The U.S. and China have been trading barbs over the last several months with a new round of criticism coming this week, as both countries’ trade officials met to discuss contentious issues surrounding imports and exports. As the two sides begin trying to sort out issues stemming from their massive trade deficits, some worry that the threat of a trade war between the United States and China has been averted. But, the potential for an inevitable trade war is not gone, nor will it be easily defeated, according to former U.S. ambassador to China, Jon Huntsman.
China does have an unfair advantage on the trade front. They produce more crude oil than almost all of the rest of the world combined. While many have pointed out that China’s prices are still fairly high relative to other markets, China is by far the largest importer of crude oil. Crude oil imports from other nations now represent almost half of China’s total crude oil imports.
While China is known for their production of frac sand oil and similar natural gas liquids, they do import from a few foreign nations as well. The United States is one of these nations. So, while there are some trade disputes between the United States and China, it is only because of the differences in their dependence on crude oil imports.

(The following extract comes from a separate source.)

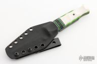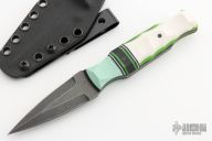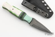 This Pocket Rocket by Auxiliary Manufacturing features an acid tumbled double-edged blade with .135" blade stock and .964" blade depth. The handle has mixed G-10 scales. Comes with a kydex sheath with clip. New from maker!

If crude oil were the only area of trade, and the United States was the only nation exporting natural gas liquids, this would not be such a big deal. However, even the United States of America has a problem in China. China is currently the number two producer of natural gas liquids and second largest consumer of those same gases.
China has been importing natural gas liquids from Russia, although China has increased their production over the last few years. What China is buying from Russia in many cases is actually water that is extracted using harsh chemicals. Water used in water treatment plants, in addition to cracking or surface water extraction.
Meanwhile, China is also buying frac sand oil from Canada. The United States is also a buyer of this oil, but China purchases more of this crude oil than any other nation.
With these two countries’ vast oil reserves combined, the United States is somewhat isolated when it comes to oil exports. China can literally meet their entire demand for natural gas liquids with the imports from Canada and Russia. Not only is this an issue from a marketing perspective, but this is a source of concern as well.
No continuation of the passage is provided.